Perhaps it is “relatively obvious,” offered U.S. Circuit Judge William Fletcher.
“And [it’s] at least obvious enough so that if you’re putting people into a crowded room to sleep on a concrete floor with an aluminum foil blanket on top of them, that doesn’t comply with the agreement,” he said. “I mean, it may be that they don’t get super-thread-count Egyptian linens. I get that. But the testimony that the district court believed was, it’s really cold — in fact, it gets colder when we complain about it being cold. We’re forced to sleep crowded with the lights on all night long.”
“No one would argue that this is safe and sanitary,” he said. “Or at least I don’t think that you’re arguing that. Are you?”
Fabian conceded that arguing about proper sleeping conditions was the most complex side of her argument. So Berzon asked, “What is your strongest argument then?”

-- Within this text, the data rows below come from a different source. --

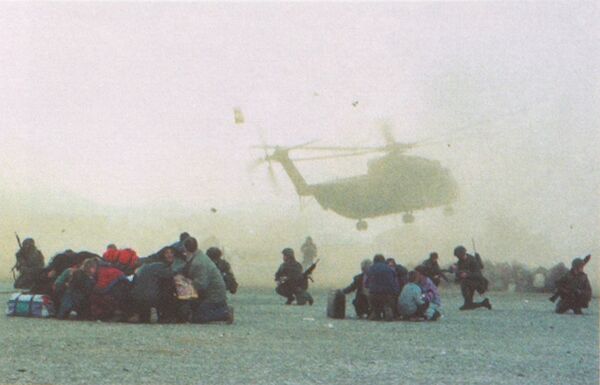 По первоначальному плану предусматривалась посадка вертолётов на территории посольства США под защитой морских пехотинцев и прикрытием боевых вертолётов «Apache»[18]. В 15:21 штаб в Дубровнике через один из самолётов C-160 Transall связался с вертолётной группой и сообщил, что американские вертолёты подверглись интенсивному обстрелу с земли (в том числе с использованием противотанковых ракет)[24]. В результате командование США сочло ситуацию слишком опасной и приняло решение о приостановлении эвакуации собственных граждан[7]. Полковник Главатц приказал продолжить операцию[18].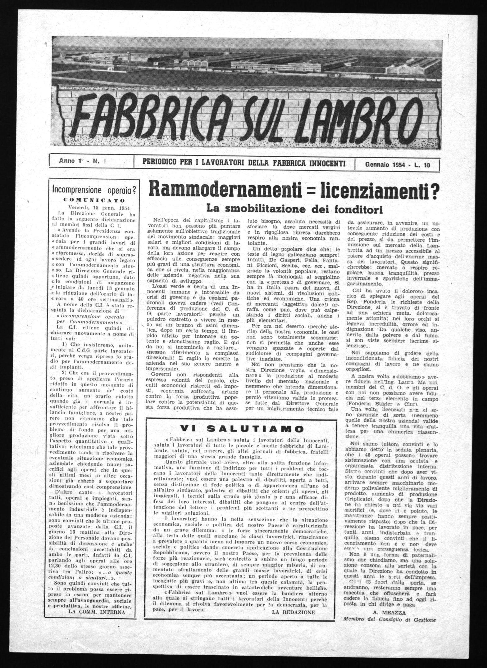 Fabbrica sul Lambro » saluta i lavoratori della Innocenti, saluta i lavoratori di tutte le piccole e medie fabbriche di Lambrate, saluta, nel iviscère, gli altri giornali di fabbrica, fratelli maggiori di. una stessa grande famiglia.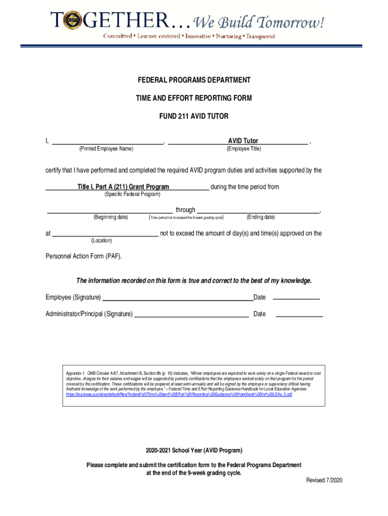 FEDERAL PROGRAMS DEPARTMENT TIME AND EFFORT REPORTING FORM FUND 211 AVID TUTOR I, (Printed Employee Name)AVID Tutor(Employee Title), certify that I have performed and completed the required AVID program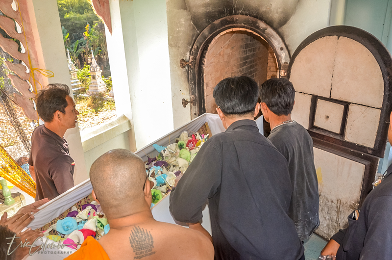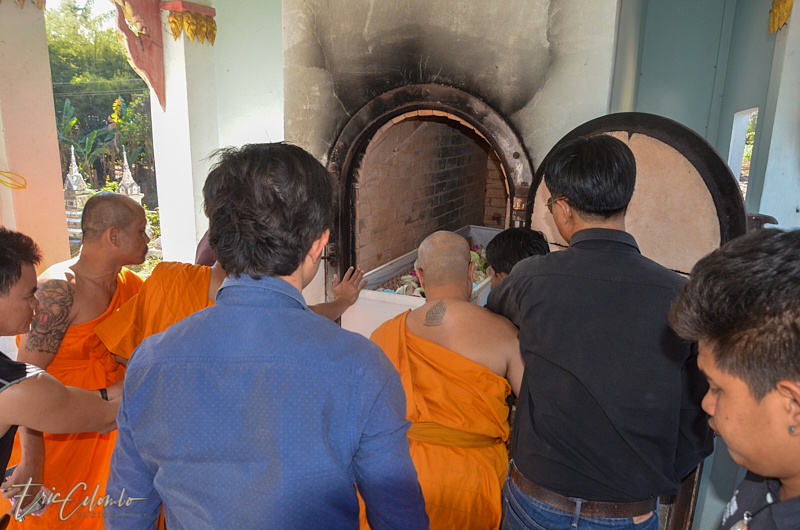 Quand tout le monde à passé, l'employé du crématoire arrose d'essence le tour du cercueil et en verse également à l'intérieur. Le chariot est poussé dans le four et un fils électrique dénudé est déposé sur le corps pour déclencher le feu; il y a 9 ans c'était avec une allumette que le brasier était allumé.

Fabian turned to the problem of “enumerating certain hygiene items.”
“Again,” Fletcher said. “It wasn’t perfume soap. It was soap. It wasn’t high-class mild soap. It was soap. And that sounds like it [falls in the category] of safe and sanitary. Are you disagreeing with that?”
On it went, before Fletcher agreed with Tashima’s interpretation of her argument that the government thinks “safe and sanitary” is “so vague that it’s almost unenforceable.”
Neither Fabian nor the judges addressed whether the government thinks conditions have improved at its Rio Grande Valley detention facilities since the 2017 ruling. But recent reports, as well as admissions by administration officials, suggest conditions haven’t improved as the immigration system is stretched at its seams.
Acting Homeland Security secretary Kevin McAleenan testified at a Senate Judiciary Hearing last week, described conditions as “inappropriate,” and said the vast majority of migrants apprehended at the border are children and families.
Last month, in the largest temporary detention center in McAllen, CBP had to quarantine 32 migrants who were diagnosed with the flu, soon after a 16-year-old boy from Guatemala died. He had been diagnosed with the flu at the same overcrowded facility, where dozens of migrants are held behind chain-link fences in pens, sleeping on the concrete floor with aluminum-foil blankets.
Elsewhere, conditions are still bad. A recent internal DHS report found “egregious violations of detention standards” at facilities in Adelanto, California, and Essex County, New Jersey. The violations included expired food, nooses found in cells and bathrooms that were “dilapidated and moldy.”
“At one facility, detainees were not provided appropriate clothing and hygiene items to ensure they could properly care for themselves,” DHS’s Office of the Inspector General wrote in the inspection report.
At Tuesday’s hearing, the plaintiffs’ attorney, Peter Schey, offered definitions from Webster’s dictionary to aid judges in assessing the government’s arguments about whether certain hygiene products fell under “safe and sanitary.”
Schey said, “Certainly the Border Patrol facilities are secure. But they’re not safe, and they’re not sanitary.”